For non-normally distributed quantitative data in 3 groups, it is the Kruskal Wallis test.

Of note, you can use non-parametric tests for parametric data (although they are less powerful). You should NOT use parametric tests for non-parametric data.

18
Q

What tests would you use to analyse qualitative data?

A

Qualitative data is non-normal. It should be analysed by the Chi Squared test, or for very low numbers the Fisher’s Exact test can be used.

For the Chi Squared test, a contingency table is created which compares observed frequency against expected frequency if there were no difference between the groups.

The chi squared number is the sum of the observed minus observed value squared, divided by the expected value.

X^2 = Σ (O-E)^2 / E

The degrees of freedom is calculated as the number of rows minus 1 times the number of columns minus 1.

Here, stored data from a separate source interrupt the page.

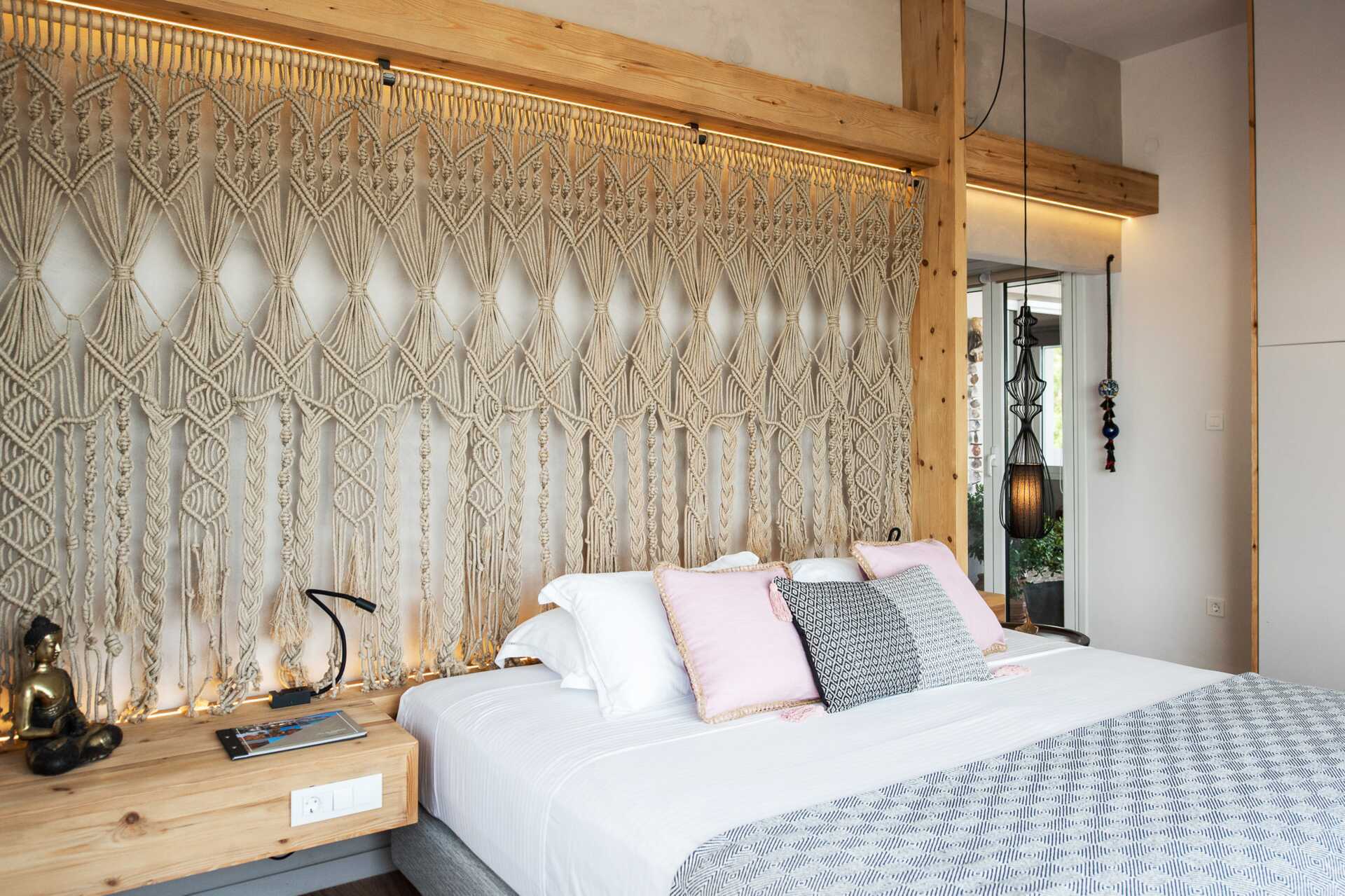 Suuressa makuuhuoneessa on kaunis näkymä ikkunasta, iso parivuode ja kylpyhuone, jossa kaksi pesuallasta, kylpyamme ja wc. Toisessa makuuhuoneessa kaksi erillistä vuodetta, kylpyhuone suihkulla ja wc, jossa on himmeät lasiovet. Kolmannessa makuuhuoneessa on parivuode, kylpyhuone suihkulla ja wc himmeällä lasiovella ja uloskäynti ulkotilaan. Avokeittiö ja olohuone ja olohuoneessa vuodesohvat ja takka. Täysin varusteltu keittiö, jossa ruokailutila, liesi, uuni, mikroaaltouuni, kahvinkeitin, Nespresso-kahvinkeitin, jääkaappi, pakastin ja jääpalakone.
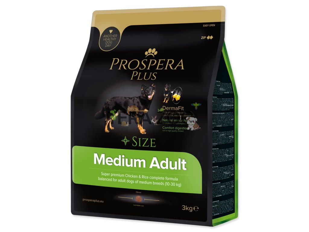 Prospera Plus Medium Adult kuře s rýží je superprémiové kompletní krmivo pro dospělé psy středních plemen s vysokou aktivitou. Obsahuje 30 % kuřecího, 25 % bílkovin a 3 720 kcal/kg, což podporuje svalstvo a denní výkon. Receptura kombinuje rybí tuk a pupalkový olej pro zdravou srst a fruktooligosacharidy s kvasničným extraktem pro lepší trávení a imunitu. Vyrobeno v Česku s antioxidanty schválenými EU, balení má 3 kg.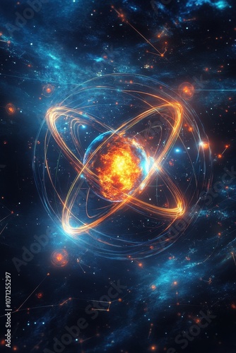 Obraz premium Abstract Galaxy Space Planet with Blue and Orange Light Streaks and Stars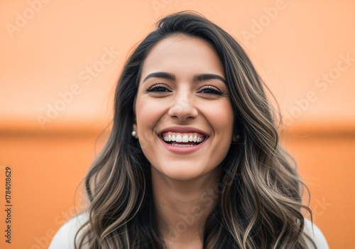 happy woman, orange background, warm colors, warm light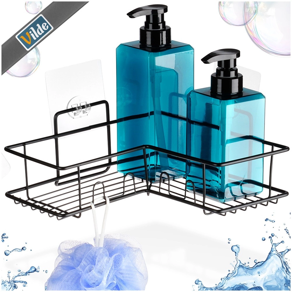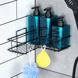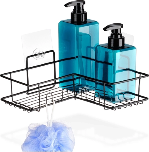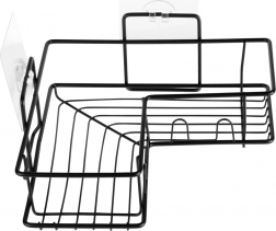Praktická rohová polička do sprchy a koupelny z odolného, práškově lakovaného kovu v černé barvě pro přehledné uložení kosmetiky a doplňků. Nabízí bezvrtací montáž pomocí samolepicích podložek, rezivzdorné provedení a otevřenou drátěnou konstrukci pro rychlý odtok vody. Ideální také do kuchyně na koření a drobnosti.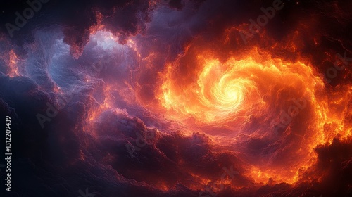 Fiery Cosmic Spiral Glowing Nebula in Radiant Purple and Yellow Hues.Colorful Nebula in Radiant Purple and Yellow Hues.Color palette is purple and yellow.Radiant Nebula in Purple and Yellow.Swirling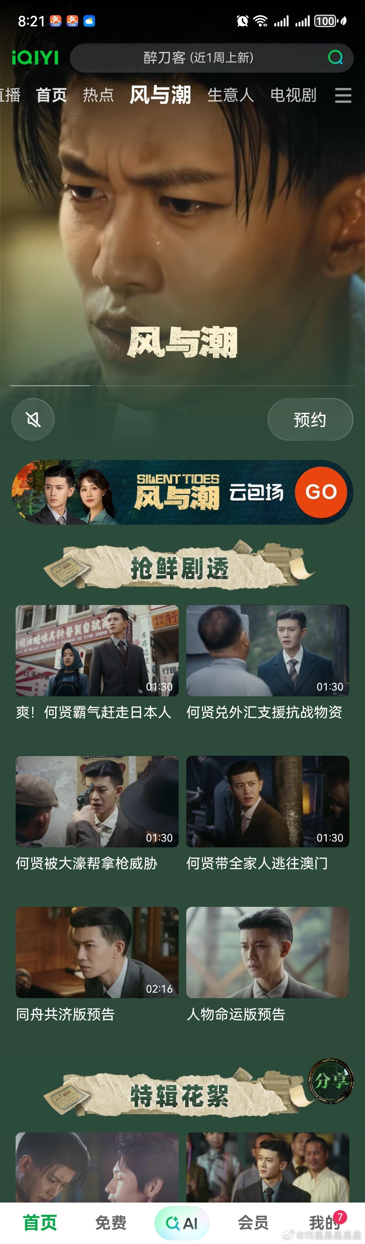 爱奇艺首页已经有《风与潮》专栏,前四集预告片来了,12月9日央视一台黄金档和爱奇艺同时开播!任嘉伦风与潮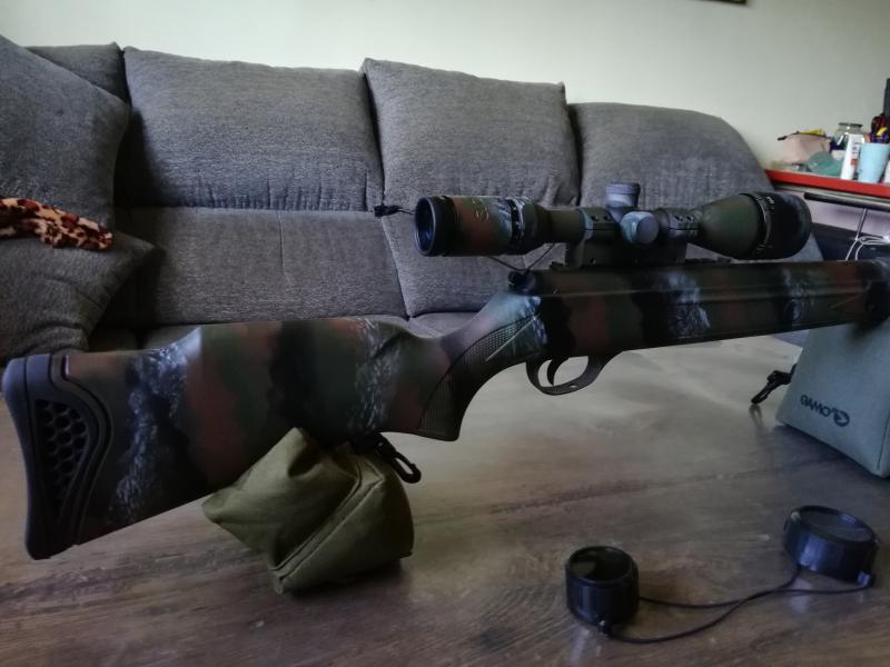 hola a todos, vendo carabina de resorte hatsan 125, pintada camo tiger, venia de fabrica con el muelle fuerte colocado, la pintura exterior es de calidad, especial para armas, se incluye visor gamo MD 4-12x44 AO, pintado a juego y maletin rigido, solo habra tirado 200 balines, estado como nueva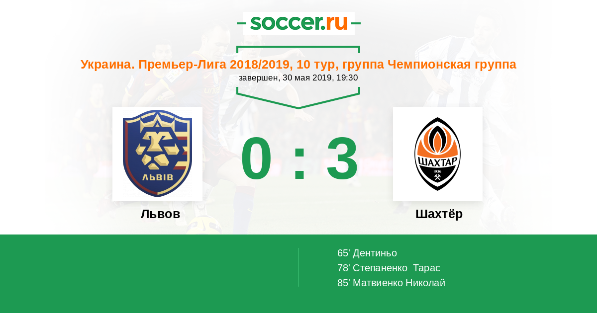 Протокол матча Львов против Шахтёр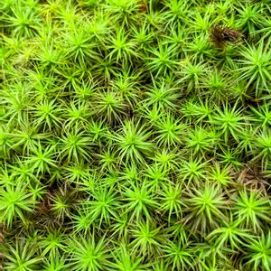 スギゴケ 旅館 山水園の塀の上に 朝の散歩道

dof = (rows - 1) * (columns - 1)

The x^2 and dof are then referenced with a statistical table or inputted into computer software to get a p value.

19
Q

When testing correlation, what tests can we use and in what situations?

A

A correlation coefficient, r, is equal to 0 when there is no correlation between two groups, +1 if there is ‘perfect’ positive correlation, and -1 if there is ‘perfect’ negative correlation. For small amounts of data, a high r value is needed to be considered significant, but with huge amounts of data low r numbers can still be significant.

The coefficient of determination, r^2, gives a % of the change in y (dependent variable) that can be attributable to a change in x (independent variable).

Pearson’s correlation coefficient can be used when both variables are parametric.

Spearman’s rho correlation coefficient is used when either variable is non-parametric.

20
Q

In linear regression, what is least squares regression?

A

You take the mean of x (x bar) and the mean of y (y bar) as the fulcrum, and then find the gradient of line with the smallest cumulative distance of all points from the line.

21
Q

What is a Bland Altman plot?

A

A Bland Altman plot compares 2 measuring devices. It assumes both measuring devices are wrong, and that the true value is the average of the two measurements.

A graph is plotted with the average of each pair of measured values on the x axis, and the difference between each pair of values on the y axis.

Once all values are plotted, a line of best fit and 2SDs is plotted, and so the agreement of the two tests can be visualised and the range in which agreement is clinically acceptable can be determined.

22
Q

Tell me about risk, absolute risk, absolute risk reduction and number needed to treat.

A

Risk is the chance of something happening.

Absolute risk is the event rate, and is usually calculated for each group in a study. E.g.
Event rate in the control group = ARc
and
Event rate in the treatment group = ARt

Absolute risk reduction (ARR) is the event rate in the control group minus the event rate in the treatment group.
ARR = ARc - ARt

Number needed to treat is the reciprocal of the ARR.
NNT = 1/ARR

23
Q

Define relative risk and relative risk reduction.

A

Relative risk, or the risk ratio, is the event rate in the treatment group divided by the event rate in the control group.

RR = ARt / ARc

A relative risk of 1 means no association, of <1 means a negative association, and of >1 means a positive association.

Relative risk reduction is the absolute risk reduction divided by the event rate in the control group.

RRR = ARc - ARt / ARc

It is also 1 - RR.

Both relative risk and relative risk reduction don’t, in themselves, inform you of the magnitude of the risk. That is to say, you should also look at the baseline prevalence to interpret them.

24
Q

Tell me about odds and odds ratio.

A

Odds is the number of events divided by the number of non-events. For example, rolling a fair die, you would expect the odds of rolling a 6 to be 1:5.

It will be calculated for both the control group and the treatment group.

The odds ratio is the odds in the treatment group divided by the odds in the control group.

OR is useful as it can be calculated in case control studies, whereas RR can only be used in cohort studies.

When prevalence is low, OR approximates to RR.